As I understand right now feedback would be mostly useful to prioritize one of many things to do. Quarterly newsletters and processing this may take significant effort and imply capacity for more development than available.
So thorough, thank you @matkoniecz !!!
mirroring https://github.com/colouring-london/colouring-london/issues/682#issuecomment-961244520
How do we check weblinks are ok?
I see four ways to handle this:
The questions are:
Has this problem happened so far? Or is it treated as so significant that making contributing and site maintenance harder is a worthwhile tradeoff to close this potential attack?
How varied the sites used as sources are? How often it would be necessary to often add new ones? What about deployment in Athens? The likely would need to add many local sites to list of valid ones.
In short: how significant effort is needed to maintain such list.
Is blocking known unwanted sites sufficient?

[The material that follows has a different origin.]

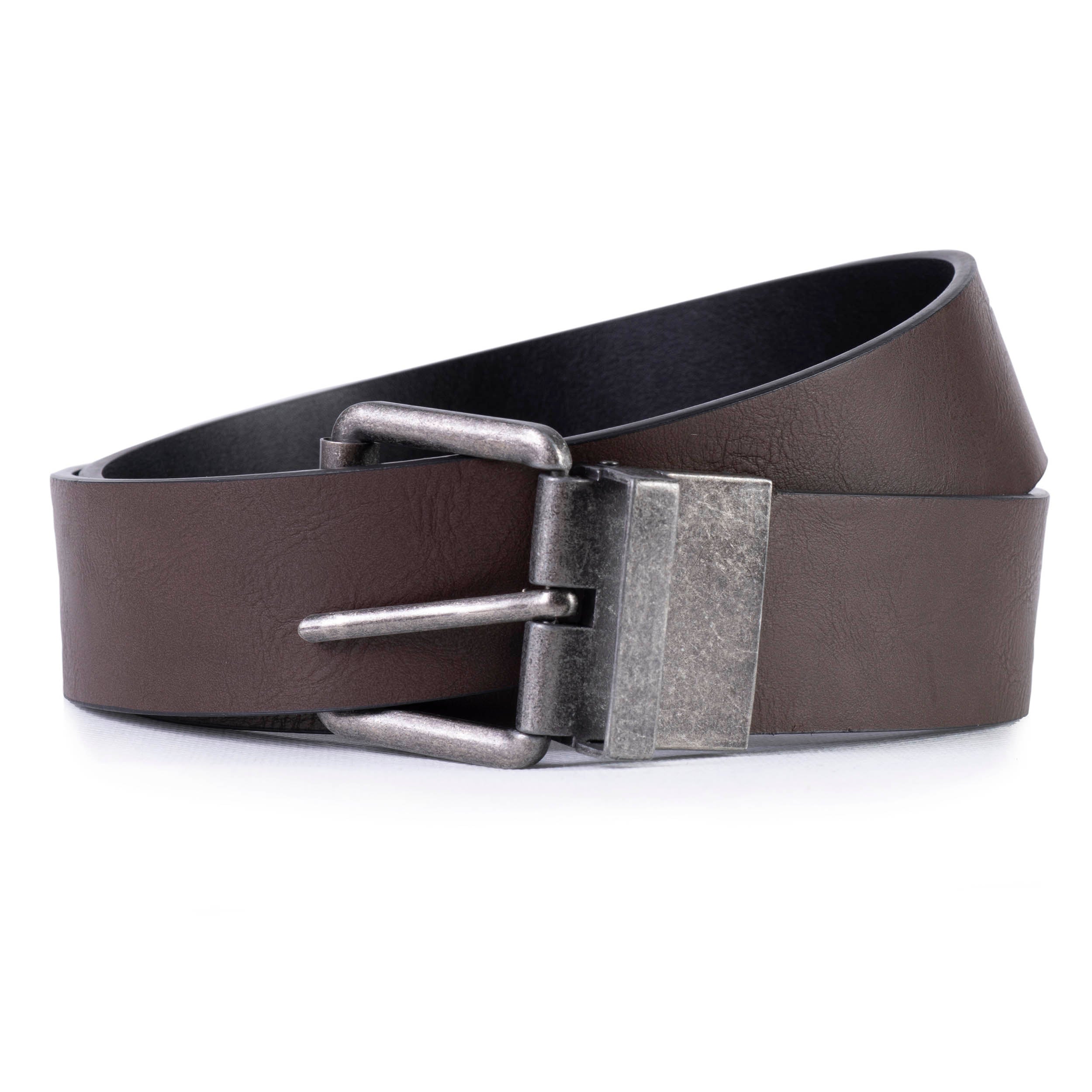 Isotoner propose une ceinture réversible et ajustable de qualité 100% en croute de cuir. Un modèle avec un effet usé, un côté noir et l'autre marron foncé et une largeur de ceinture de 4 cm. Réversible : Un système de boucle réversible et malin. Tirez légèrement sur la boucle pour la faire pivoter sur elle-même et changez de style en 1 clic. 2 styles / 2 ceintures en 1 ! Ajustable : Faites pivoter la boucle à 90° pour lever le clapet. Coupez la matière pour l'ajuster à votre convenance et reclipsez le tout.

It will block most of attempts but someone malicious and motivated will succeed.
Or is it necessary to ensure that nothing will pass?
Even with filtering domains it is still possible to add links like https://www.bbc.com/serious_insults_here leading to nonexisting page but containing unwanted text in link itself.
Allowing all link to facebook would allow some malicious - and classifying all facebook pages into OK ones and malicious would be a full time job for hundreds of people.
Note that sufficiently malicious people will manage to stuff offensive things in the year form (by setting year to 1488, see https://en.wikipedia.org/wiki/Fourteen_Words ) or by other content offensive by context (say setting year on building of a Polish embassy to 1939).
So it is not possible to block malicious content completely and it is question how much effort should be put into that. And in the end human moderation is necessary and not really avoidable. After all someone may add garbage data without making it offensive.